Collected data:
════════════════

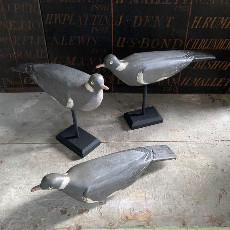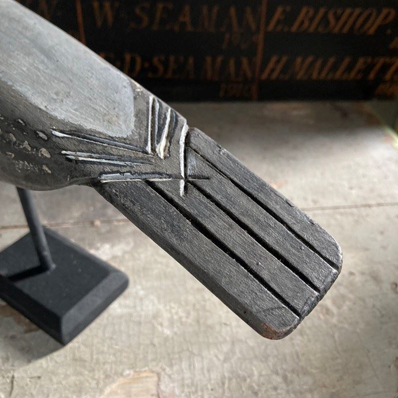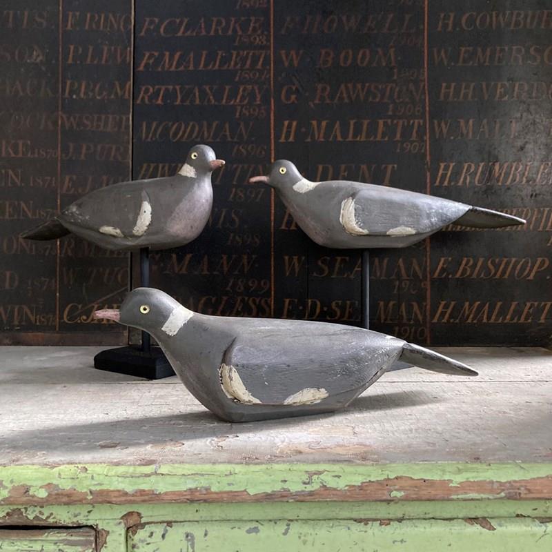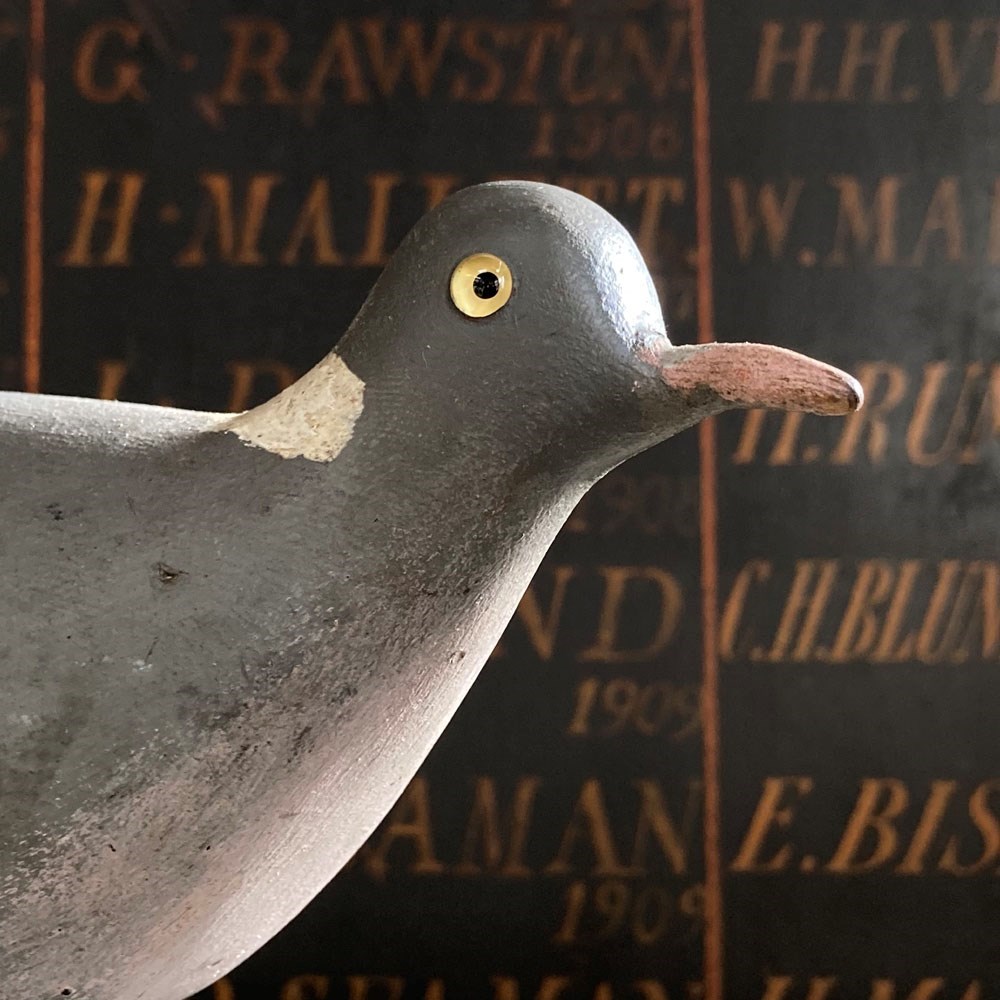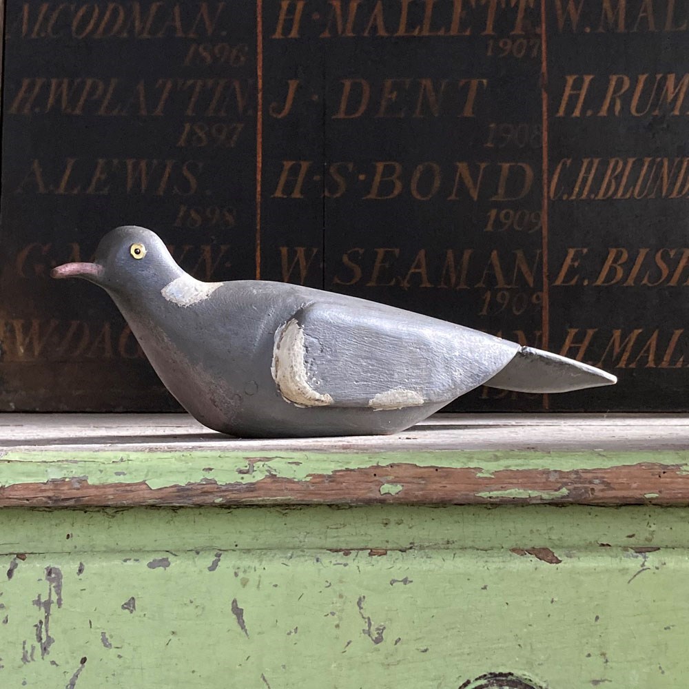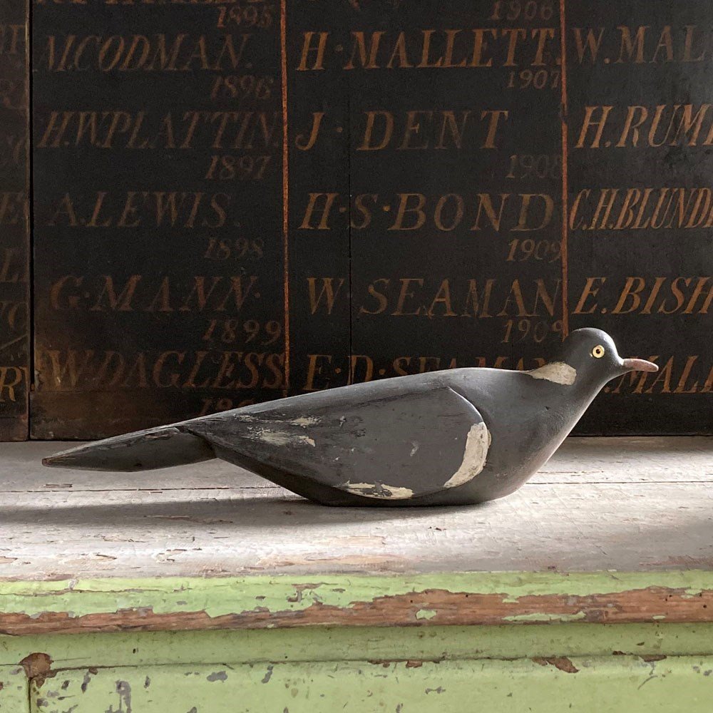 A naively carved wooden decoy of a pigeon, possibly made by a hunter for his own rig, rather than commercially produced. Despite this, it has a lot of charm, with obvious thought and time put into creating it. Details such as the inset glass eyes, the geometric-style incised area where the wing tips meet the tail feathers, and the stylised yet functional paintwork, all make this piece of folk art quite unique. Stand included.
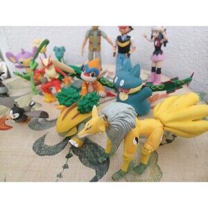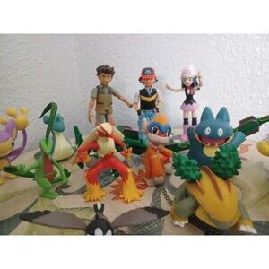 The "Pokemon Diamond & Pearl Ash, Dawn, Brock Figures Jakks Pacific + 11 Figurin lot" includes action figures of the characters Ash, Dawn, and Brock from the Pokémon franchise, specifically from the Diamond & Pearl series. Manufactured by JAKKS Pacific , these plastic figures are part of a set + 11 .The theme of these exclusive action figures revolves around the popular anime and manga series, making them a valuable addition to any Pokémon fan's collection.
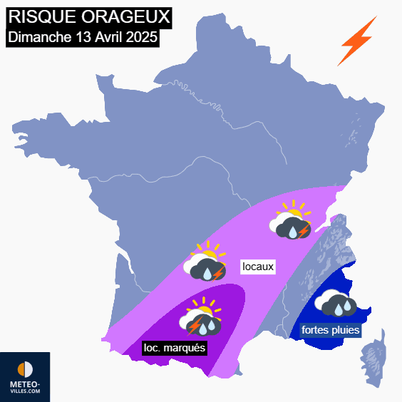 Carte du risque orageux pour le dimanche 13 avril 2025 - Météo Villes
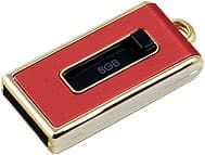 Подобно первому, данный накопитель в первую очередь предназначен тем, кто в флэшдрайве ценит компактность, однако отличием является то, что здесь она не принесена в ущерб внешнему виду. Корпус устройства-слайдера в транспортировочном состоянии имеет размеры всего лишь 28,5 х 15 х 5 мм и массу 4 грамма, однако внутри при этом скрывается от 4 до 32 ГБ флэш-памяти (мы тестировали модификацию на 8 ГБ). Лицевая поверхность раскрашена в один из трех цветов — наряду с показанным на фотографиях карминово-красным, есть также накопители золотистого и черного цветов, ну а боковины и петелька для ношения всегда выкрашены в золото. В общем, выглядит флэшка весьма богато и нарядно, так что интересоваться программным обеспечением или скоростью работы как-то и неприлично. Программ в комплекте, действительно, никаких нет, а насчет скорости сказано лишь, что накопитель поддерживает ReadyBoost (что выполняется и для двух описанных выше моделей компании). В общем, двумя словами, это маленький и красивый флэшдрайв. Похожий на Super Stick mini внутри, но заключенный в красочный корпус.

════════════════

Directions for this task: When you reproduce the material, keep every word exact and leave each picture out.

Reply:
 A naively carved wooden decoy of a pigeon, possibly made by a hunter for his own rig, rather than commercially produced. Despite this, it has a lot of charm, with obvious thought and time put into creating it. Details such as the inset glass eyes, the geometric-style incised area where the wing tips meet the tail feathers, and the stylised yet functional paintwork, all make this piece of folk art quite unique. Stand included.
 The "Pokemon Diamond & Pearl Ash, Dawn, Brock Figures Jakks Pacific + 11 Figurin lot" includes action figures of the characters Ash, Dawn, and Brock from the Pokémon franchise, specifically from the Diamond & Pearl series. Manufactured by JAKKS Pacific , these plastic figures are part of a set + 11 .The theme of these exclusive action figures revolves around the popular anime and manga series, making them a valuable addition to any Pokémon fan's collection.
 Carte du risque orageux pour le dimanche 13 avril 2025 - Météo Villes
 Подобно первому, данный накопитель в первую очередь предназначен тем, кто в флэшдрайве ценит компактность, однако отличием является то, что здесь она не принесена в ущерб внешнему виду. Корпус устройства-слайдера в транспортировочном состоянии имеет размеры всего лишь 28,5 х 15 х 5 мм и массу 4 грамма, однако внутри при этом скрывается от 4 до 32 ГБ флэш-памяти (мы тестировали модификацию на 8 ГБ). Лицевая поверхность раскрашена в один из трех цветов — наряду с показанным на фотографиях карминово-красным, есть также накопители золотистого и черного цветов, ну а боковины и петелька для ношения всегда выкрашены в золото. В общем, выглядит флэшка весьма богато и нарядно, так что интересоваться программным обеспечением или скоростью работы как-то и неприлично. Программ в комплекте, действительно, никаких нет, а насчет скорости сказано лишь, что накопитель поддерживает ReadyBoost (что выполняется и для двух описанных выше моделей компании). В общем, двумя словами, это маленький и красивый флэшдрайв. Похожий на Super Stick mini внутри, но заключенный в красочный корпус.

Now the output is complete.